Later came, among many diverse projects: wire chairs; modular storage units; the iconic Lounge chair, an ultra-comfortable design in padded leather and rosewood veneer; the Lobby chair, which became a cult classic when it was requested by the American chess champion Bobby Fischer for his match against Boris Spassky in 1972; and the Aluminium and Soft Pad groups, a series of subtly modulated metal-and-fabric chairs and tables.

Though many of the designs were practical and hard-wearing, intended for public areas and offices as well as for homes, they were light years away from the dull or the utilitarian. Inspired by nature, by the graphic lines of contemporary artists such as Klee, Miro and Calder, and by the development of new materials and technologies, it was a new language of design that was accessible, fashionable, intelligent and emotionally satisfying. Their work is still innovative. "They exploited materials and techniques to their extremes; you can't take it any further," Alderson says.
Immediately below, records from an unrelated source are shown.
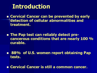 | Read first two bullets The availability of such an effective screening device, reportedly used by 88 percent of U.S. women, should lead to a greatly reduced rate of cervical cancer. Although the incidence of cervical cancer has been decreasing, it is still the fourth most common cancer afflicting women in the United Sates, and the sixth leading cancer killer. The American Cancer Society estimates there were 12,800 new cases of cervical cancer and 4,600 deaths from cervical cancer in 2000. These figures are particularly discouraging, because cervical cancer is one of the most preventable cancers. |
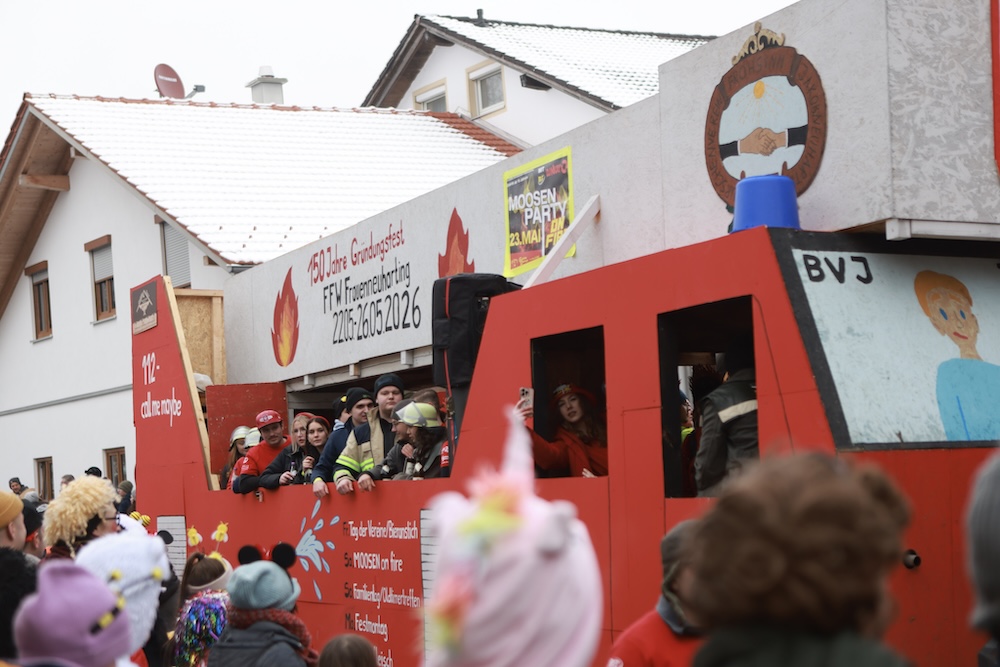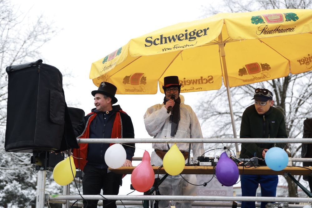 Babensham kennt da nix – quasi im Wellness-Bad durch Edling. Und das bei einer Temperatur um null Grad: Klasse-Stimmung heid beim großen Faschingszug in Edling mit 40 Wagen und Gruppen: Und mit einem Publikum, das „Sweet Caroline – oh oh oh“ durchs Ortszentrum hallen ließ. Dank der tollen Musik, die DJ Lenze Gottwald (Foto unten) auflegte am heutigen Faschingssonntag-Nachmittag. Der Andrang war so groß, dass der Umzug mit dem Beginn a bissal abwartete, damit die noch Eintreffenden rechtzeitig an ihren Plätzen waren.
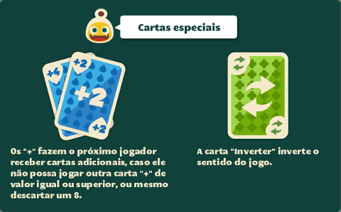 Nota 2: As cartas "+" podem se acumular. Por exemplo, o jogador 1 descarta um "+2", o jogador 2 um "+4", o jogador 3 não pode jogar uma carta igual ou superior ou um 8, então recebe 6 cartas e perde sua vez de jogar.

"Theirs was a very restrained Modernism, with every component kept to a minimum, and it fits in well with contemporary design. Because of the range of materials used, people can appreciate different parts of their work - there's wood, aluminium for a slightly harder-edged style, and colourful glass fibre which appeals to a younger audience. A lot more people are living in lofts or that type of environment and their furniture is very suitable to that sort of look."
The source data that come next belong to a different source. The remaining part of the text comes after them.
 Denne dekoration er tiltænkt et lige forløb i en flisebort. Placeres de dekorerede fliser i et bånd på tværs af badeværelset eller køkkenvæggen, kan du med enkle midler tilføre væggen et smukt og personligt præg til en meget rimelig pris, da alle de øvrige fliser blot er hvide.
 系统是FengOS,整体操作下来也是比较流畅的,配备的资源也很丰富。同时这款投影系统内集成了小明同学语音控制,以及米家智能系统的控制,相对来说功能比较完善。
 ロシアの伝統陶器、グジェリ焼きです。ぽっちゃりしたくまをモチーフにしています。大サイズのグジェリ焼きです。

For this show Alderson and Cunningham worked with Vitra, exclusive producers of original-specification Eames in Europe, and Herman Miller, which holds the rights in the USA, to gather a range of designs dating from 1943 to the present, some never before seen in this country. Immediately recognisable are two Lounge chairs (pounds 1,450 or pounds 3,555 with matching ottoman), a set of six Aluminium Group chairs and dining table (pounds 3,300), a selection of Plywood chairs (pounds 500 to pounds 1,500) and three pastel-coloured fibreglass arm chairs (pounds 350 to pounds 750).

There are also some more unusual pieces, including a rare leg splint (pounds 150), two undulating wooden folding screens (pounds 1,200 and pounds 3,000), a low "surfboard" table (pounds 850), a fold-down compact sofa in vibrant cherry, purple, orange and black stripes (pounds 2,200) and an African-inspired walnut stool (pounds 412).

"Our aim with the exhibition was to demonstrate the Eames' extraordinary design abilities in terms of technology, materials and form," Alderson says. "If people could do what they did today - and a few people are experimenting - then they would follow the Eamesian definition of good design, which is to mass-produce furniture that is cheap, comfortable and good-looking."

Twentieth Century Design, 274 Upper St, Islington, London N1 2UA; 0171- 288 1996. `One Year on with Eames' continues until 28 June, Vitra 13, Grosvenor St, London W1X 9FB; 0171-408 1122.